Hydrazine-Assisted Synthesis, Structures, Photoelectricity, and Photocatalysis of Ternary Mercury–Tellurostannate Hybrids with Transition-Metal Complexes

Tellurostannates are traditionally prepared by multistep reactions using the tellurides SnTe, SnTe₂, K₄SnTe₄, or A₆SnTe₆ (A = K, Rb, or Cs) as precursors, which are usually prepared by the molten reaction of alkali metals Sn and Te under harsh synthetic conditions.
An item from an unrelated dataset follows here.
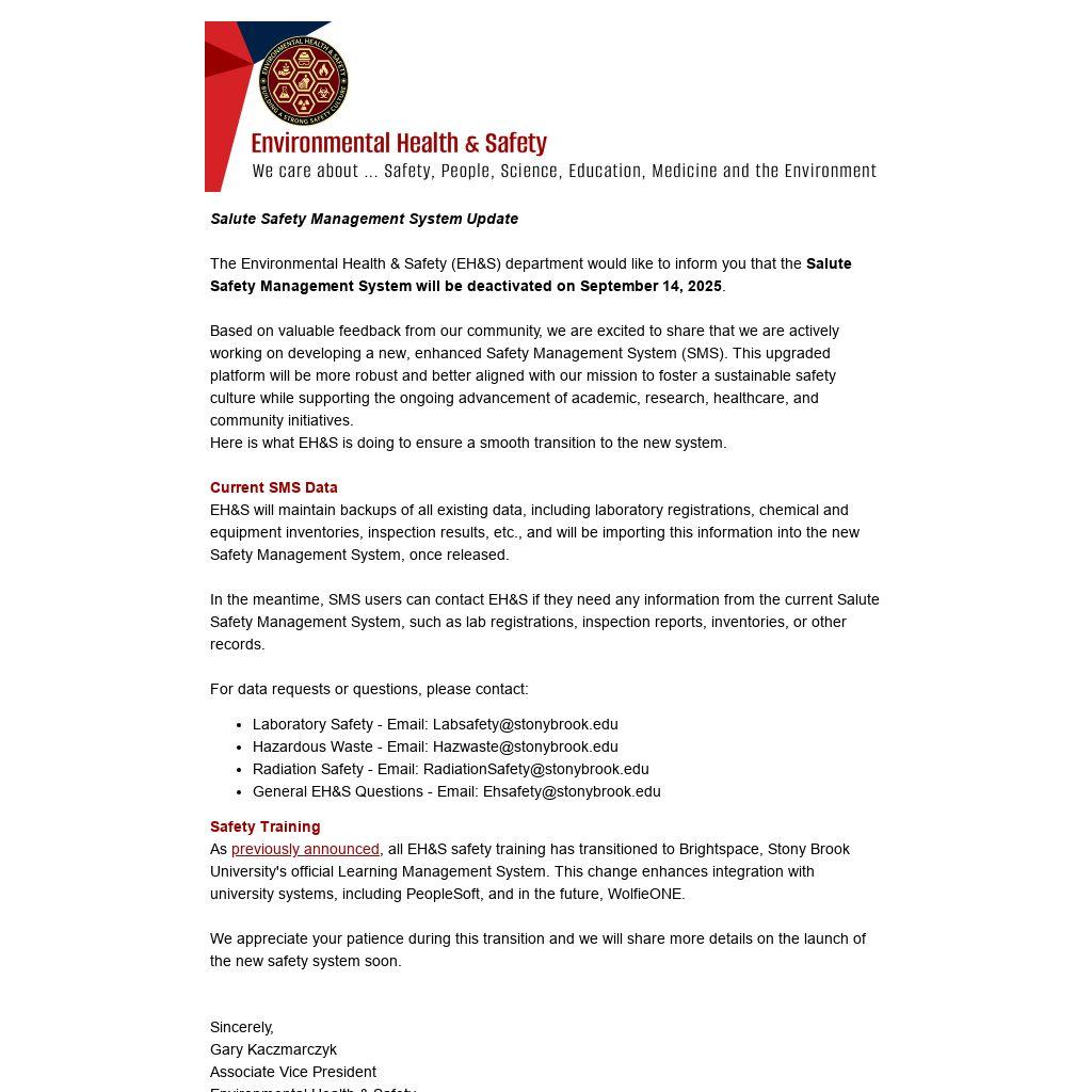 The Environmental Health & Safety (EH&S) department would like to inform you that the Salute Safety Management System will be deactivated on September 14, 2025.

Differently, ternary Hg-tellurostannate hybrids [Mn(en)₃]HgSnTe₃(Te₂) (1) (en = ethylenediamine), [Mn(dien)₂]HgSnTe₃(Te₂) (2), and [Fe(dien)₂]HgSnTe₃(Te₂) (3) (dien = diethylenetriamine) were synthesized by one-pot reactions using Sn and Te powders as starting materials in the presence of hydrazine under mild solvothermal conditions. In 1, HgTe₃ and SnTe₄ units are joined via Te-sharing to form a 1-D polymeric chain [HgSnTe₃(Te₂)]_n^2n-, while the [HgSnTe₃(Te₂)]_n^2n- chains in 2 and 3 are composed of HgTe₄ and SnTe₄ units. The common feature of the [HgSnTe₃(Te₂)^2-]_n chains in 1-3 is that they are constructed by both the telluride anion Te^2- and the polytelluride anion Te₂^2-. 1-3 exhibited strong photocurrent responses with current densities of 5.26, 3.38, and 3.94 μA cm^-2, respectively. They showed effective photocatalytic activities for methylene blue degradation with degradation ratios in the range of 85.3-94.6% after light irradiation for 80 min. Investigation of the photocatalytic mechanism showed that ^•O₂^- radicals and h⁺ holes were the main active substances in the photodegradation.